While not explicitly documented, MCP servers are really just tools behind the scenes (even for Anthropic models). This means we can use prompt caching just like "normal" tools can be cached!
{
"model": "claude-sonnet-4-20250514",
"max_tokens": 1000,
"messages": [
{
"role": "user",
"content": [
{
"type": "text",
"text": "List all the Linux kernel arguments.",
"cache_control": {
"type": "ephemeral"
}
}
]
}
],
"mcp_servers": [
{
"type": "url",
"url": "https://mcp.deepwiki.com/sse",
"name": "DeepWiki"
}
]
}
Request body with caching enabled
How's our usage now?
{
"input_tokens": 1744,
"cache_creation_input_tokens": 3218,
"cache_read_input_tokens": 7489,
"output_tokens": 1331
}
Response usage with caching enabled
Much better. On just one prompt, we went from paying $0.0220 without caching down to $0.0195 on input tokens with caching!

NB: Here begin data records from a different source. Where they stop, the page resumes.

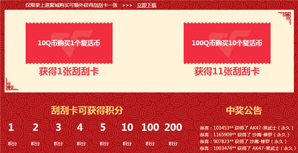 2017年CF穿越火线新年刮刮卡活动正式开启了!活动期间,玩家登陆cf新年刮刮卡活动网站购买1个复活币即可获得1张刮刮卡,使用刮刮卡即可参与永久英雄武器抽奖!即便没有抽到英雄武器也可用刮刮卡积分兑换哦!还在等什么?赶快来参加2017年cf新年刮刮卡活动吧!
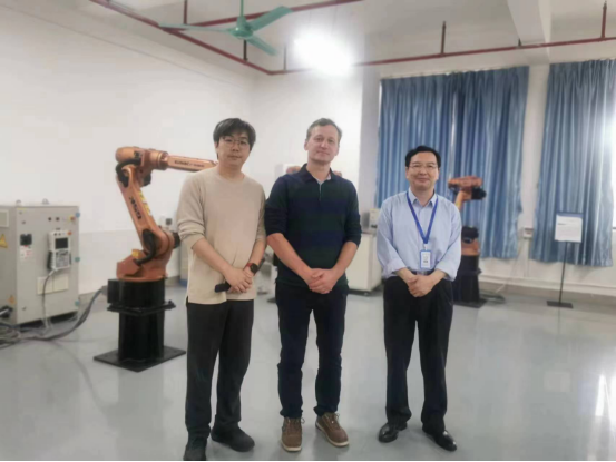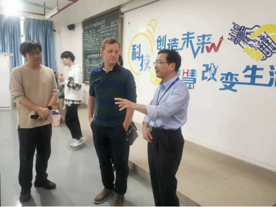 随后,智电学院汪理老师在工程中心向鲁道夫教授一行介绍了我校学生在全国机器人大赛获得一等奖的作品,播放了学生比赛的视频。鲁道夫教授对我校学生以小组为单位进行课题研究和成果论文出版并传给下一年级的同学这个好传统表示赞赏。
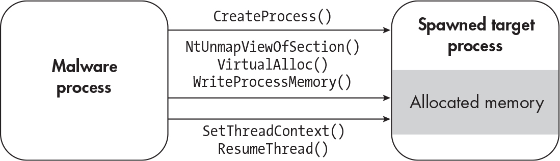 CreateProcess(CreateProcessAorCreateProcessW) with the flagCREATE_SUSPENDEDor0x00000004 - Unmap the process’s code with
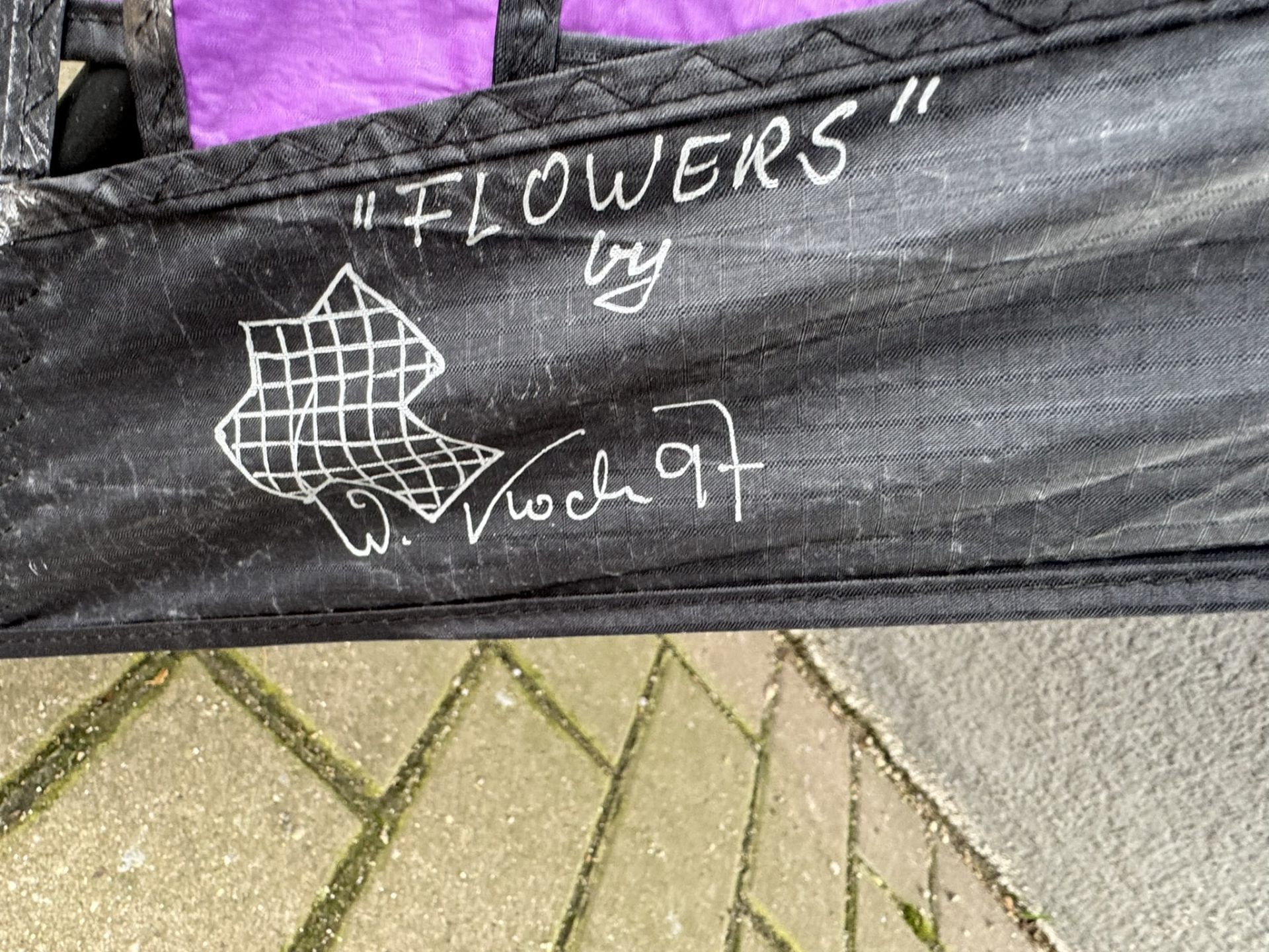 Dieser Sterndrachen stammt von dem renommierten Künstler und Drachenbauer Willi Koch (11.06.1939–27.10.2019), dessen Name untrennbar mit höchster handwerklicher Präzision und künstlerischer Ausdruckskraft im Drachenbau verbunden ist. Koch gilt als Erfinder der innovativen Streifentechnik, die seine Werke bis heute einzigartig macht. Jeder seiner in Handarbeit gefertigten Drachen ist ein unverwechselbares Einzelstück, geprägt von Kreativität, technischem Feingefühl und einem außergewöhnlichen Qualitätsanspruch. Der Sterndrachen trägt den Titel „Flowers“, wurde im Jahr 1997 gefertigt und von Willi Koch mit dem charakteristischen Kimono-Signet, dem Baujahr sowie seiner handschriftlichen Signatur versehen – ein Markenzeichen, das die Echtheit seiner Originalarbeiten bestätigt. Mit einer imposanten Höhe von 3,16 Metern und einer Breite von 2,77 Metern beeindruckt der Drachen nicht nur durch seine Größe, sondern auch durch sein kunstvolles Design: In filigraner Streifenarbeit entsteht ein sternförmiges Muster, das eine florale Komposition aus blauen Blüten und kräftigen grünen Blättern umrahmt. Die farblich abgestimmten, mosaikartigen Elemente in Violett und Silber verleihen dem Drachen zusätzliche Tiefe und Struktur. Im Gegensatz zu industriell gefertigten Serienmodellen im Willi-Koch-Design, wie sie etwa von Premier Kites produziert werden, steht dieser handgearbeitete Sterndrachen für Kochs persönliche Sorgfalt, seine gestalterische Handschrift und die hohe Kunst des traditionellen Drachenbaus. Jede Naht, jede Linie und jedes Farbdetail spiegelt die Hingabe eines Künstlers wider, dessen Werke heute sowohl fliegerisch als auch kunsthistorisch geschätzt werden.
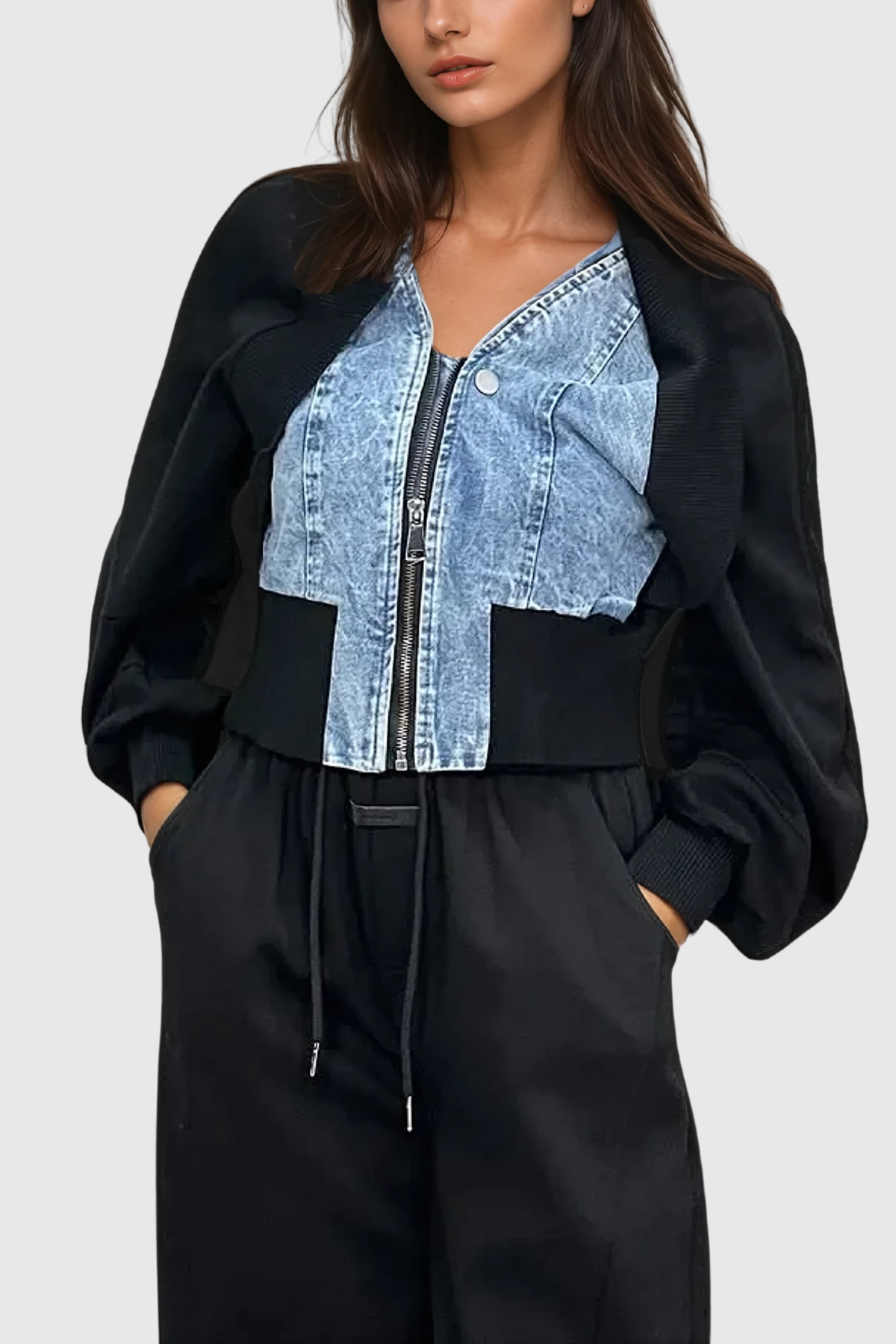 The Amabel Deconstruct Denim Short Jacket is expertly crafted with a deconstructed design for a modern. edgy look. Made with durable denim material. this jacket offers both style and functionality. Perfect for any fashion-forward individual looking to add a unique piece to their wardrobe.
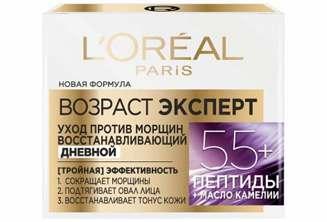 Дневной антивозрастной крем Возраст Эксперт 55+ одновременно действует в трёх направлениях:

7356*(3/1000000)+0*(3.75/1000000)+0*(0.30/1000000)
Cost without prompt caching
1744*(3/1000000)+3218*(3.75/1000000)+7349*(0.30/1000000)
Cost with prompt caching
In most situations, you should see a significant cost saving if you remember to add prompt caching whenever you're using remote MCP servers, even if you are only sending one API request.
We did notice that enabling caching like this can sometimes result in a high cache_creation_input_tokens
; we'll look into this in a future blog post.